Café et prise de têteMe voici de retour de vacances avec dans mes valises une demi-tonne de canard et une liste de tâches longue comme un jour sans rillettes. Je sais pas vous, mais chaque fois que j’ai des vacances de plus de deux jours, je me dis que je vais en profiter pour bosser. Je ne mets pas les pieds à la plage sans un carnet. Chaque matin, je déjeune avec mon netbook. Je passe des soirées à bloguer et à répondre à des mails. Et souvent, je ne fais rien de ce que j’ai prévu de faire en partant. Cette fois-ci n’a pas fait exception. Dans l’avion pour la Belgique, j’ai noirci deux pages avec tous les sujets sur lesquels il fallait que j’avance : de la planification de projet à l’écriture pure, il y en avait au bas mot pour un mois de taf, mais je suis comme ça : optimiste à la limite du délire.

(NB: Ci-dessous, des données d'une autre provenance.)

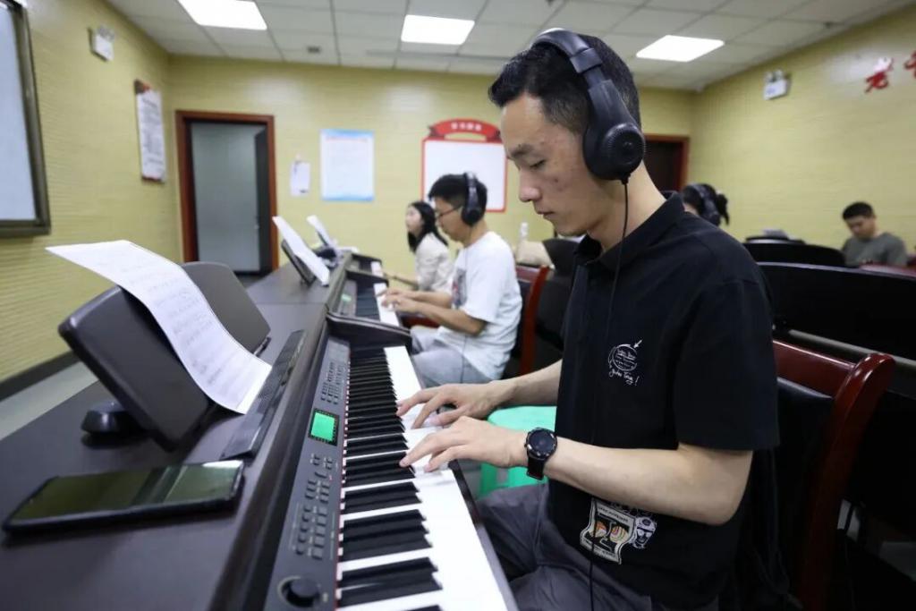 学员在贵州省贵阳市观山湖区青年夜校喀斯特广场校区学习钢琴 / 新华社记者刘续 摄

Mais voilà, le problème c’est que ma cervelle aussi était en vacances. Sans horaires ni deadlines, elle a carburé sur des sujets à quatre-vingt dix degrés de ce qui me préoccupait. Bilan de l’histoire : des idées nouvelles à trier et à développer – et la perspective d’encore plus de stress quand il faudra choisir mes priorités pour le reste de l’année. Ceci dit, il y a parmi ces ombres de départs de projets des choses très, mais alors très enthousiasmantes qu’il me tarde de développer sérieusement.

So watch this space.

Et toi donc, ô astucieux lecteur, ô sage lectrice : est-ce que ta famille te reproche de ne jamais lever le pied ? Est-ce que tu ne peux t’empêcher de planifier tes prochaines créations entre deux balades sur la plage ? Et quand tu le fais, es-tu capable de te discipliner pendant ces séances de travail volées ?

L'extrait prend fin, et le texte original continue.